On the other hand, both the language and results in substantive due process cases since Roe indicate a potential narrowing of this right in at least two ways. First, in a number of cases involving the regulation of abortion (e.g. Casey), the Court appears, at least implicitly, to have moved away from the familiar (and perhaps unduly rigid) “fundamental rights/strict scrutiny” approach to analyzing these claims, and has instead resorted to what seems to be a more fluid and particularized balancing of individual liberty interests versus the interests the state seeks to vindicate and the means it employs.

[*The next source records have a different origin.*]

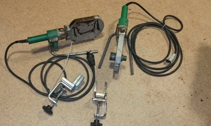 To svejsemaskiner til rør, AQ 125 TFE, sælges. Fremstillet af Ritmo s.p.a. og Aquatherm GmbH. Modelnummer og årgang fremgår af billederne. Inkluderer klemmer.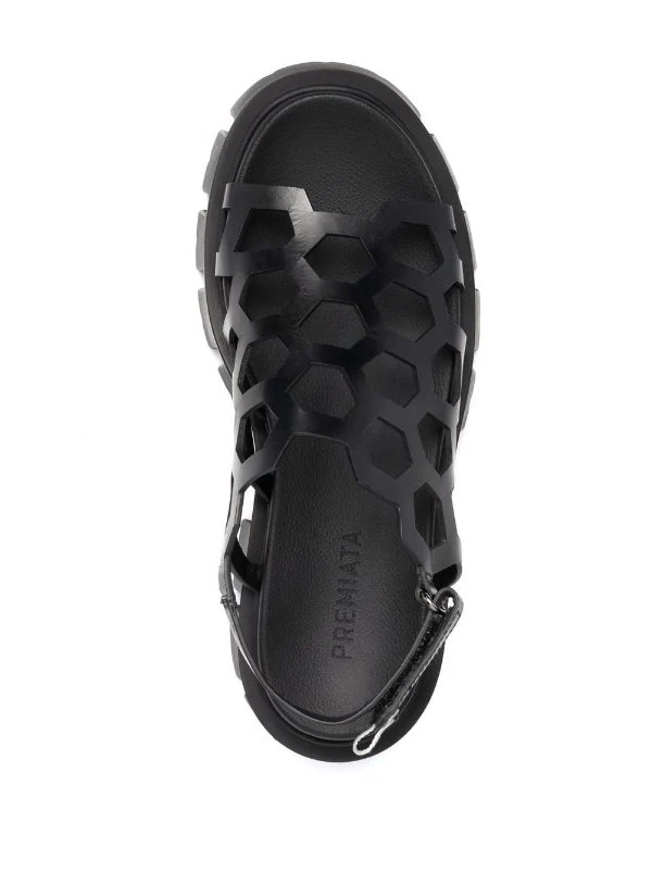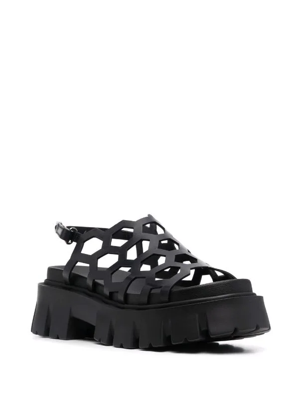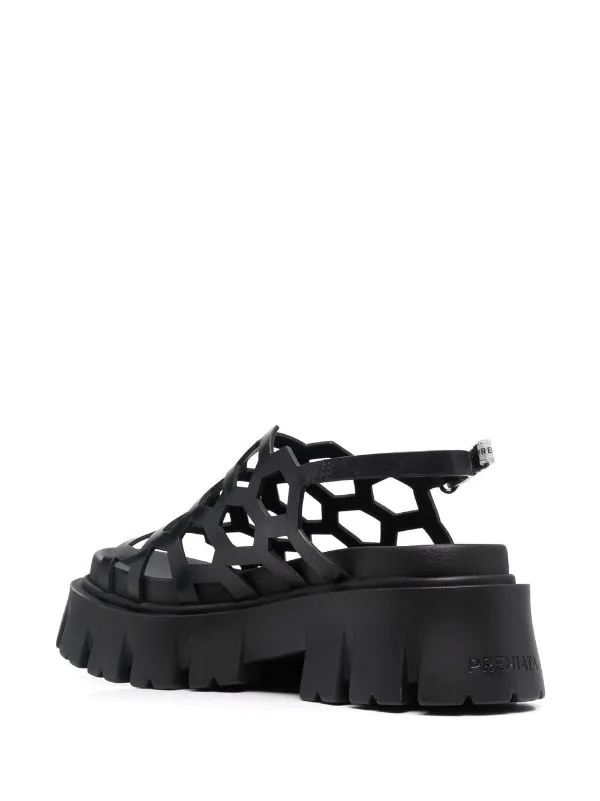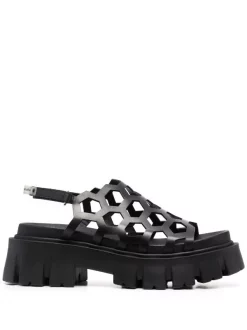 Laser-Cuts, Logo-Patch hinten, zehenfrei, Knöchelriemen, mittelhoher Blockabsatz, Logo-Prägung im Fußbett, Profilsohle aus Gummi. Farbe: Schwarz.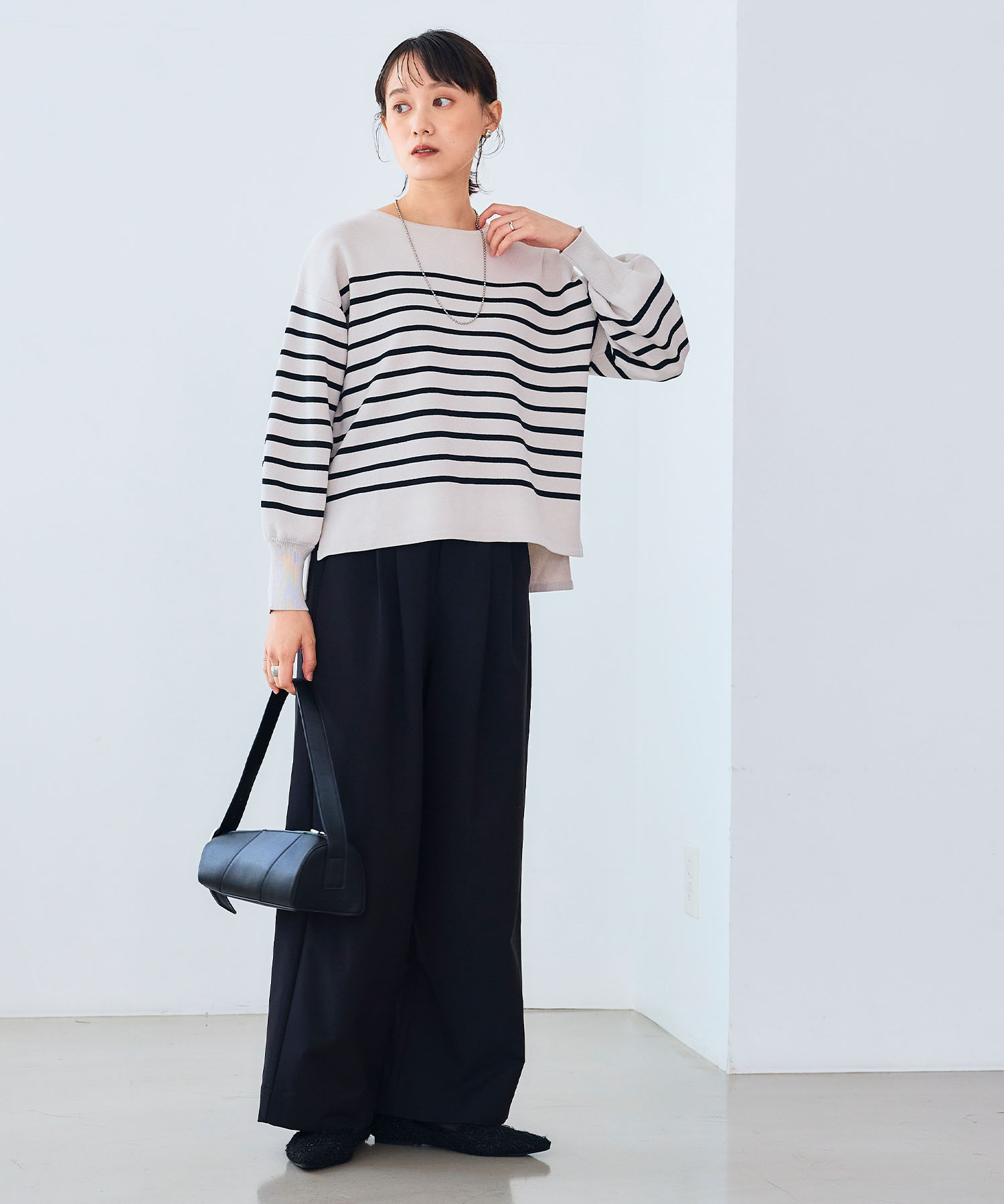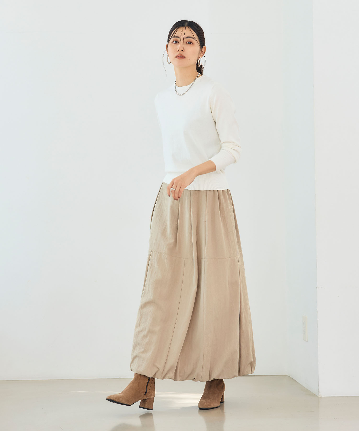 爽やかなホワイトニットを主役に、ベージュのバルーンスカートで全体を上品かつ華やかに。顔まわりを明るくし、秋の街歩き気分も自然と盛り上がります。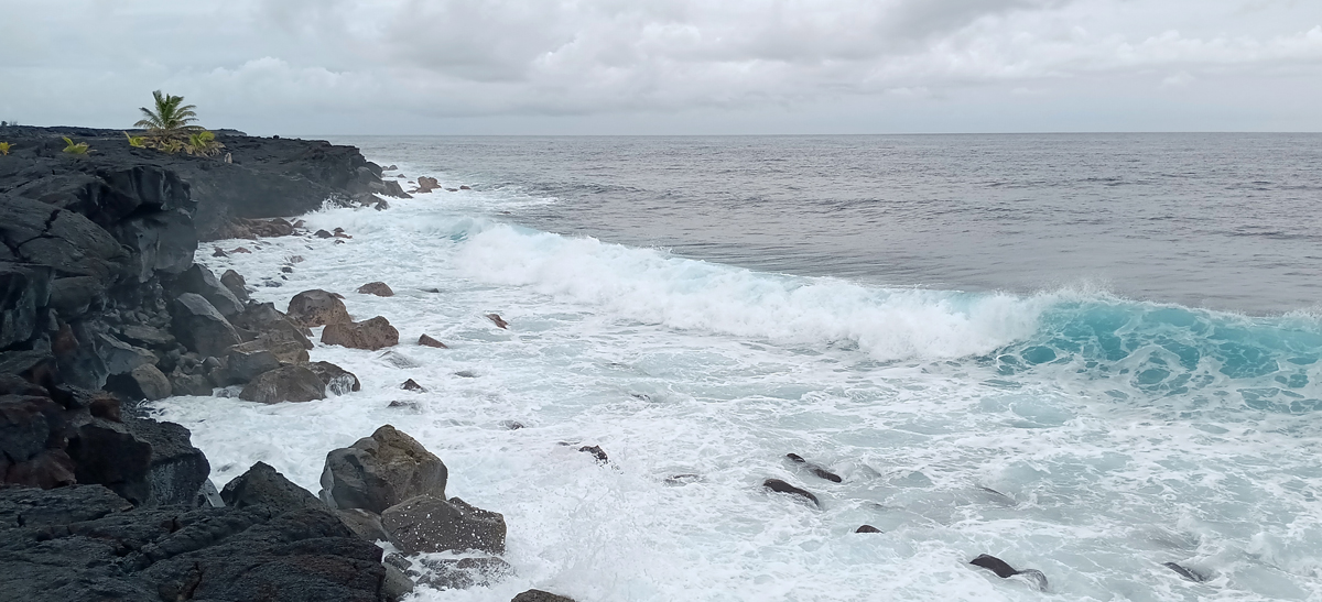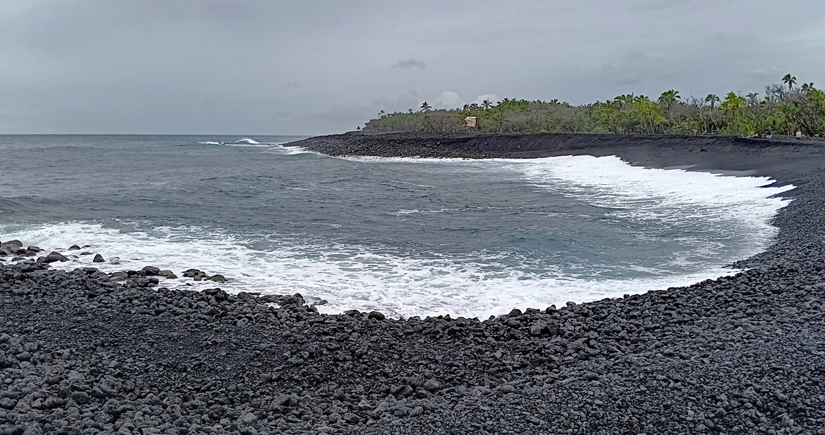 Yesterday, we drove Chain of Craters Road inside Hawaii Volcanoes National Park to its terminus at the Holei Sea Arch, the next seven-plus miles of the former road having been buried beneath lava. Today, we wanted to find the spot where the road emerges from the lava field at the other end, in what remains of the town of Kalapana, in the district of Puna.

How much of a difference such a “balancing” approach might make in a court’s evaluation of this case isn’t clear, however. After all, even under a balancing of interests analysis, a court would probably feel compelled to recognize that Helen has some sort of interest in determining her procreative status, irrespective of whether that interest is labeled “fundamental.” On the opposite end of the scale, the State, in passing PFVA, has offered no interest that is remotely comparable to the state’s interest in protecting the life of the fetus.Moreover, if we take the analogy between abortion regulation and in vitro regulation one step further, and assume that even under a balancing approach a court must still strike down restrictions that “unduly burden” the exercise of a right/interest, then it is hard to conceive how an outright ban on the exercise of Helen’s right/interest in having children could survive judicial scrutiny.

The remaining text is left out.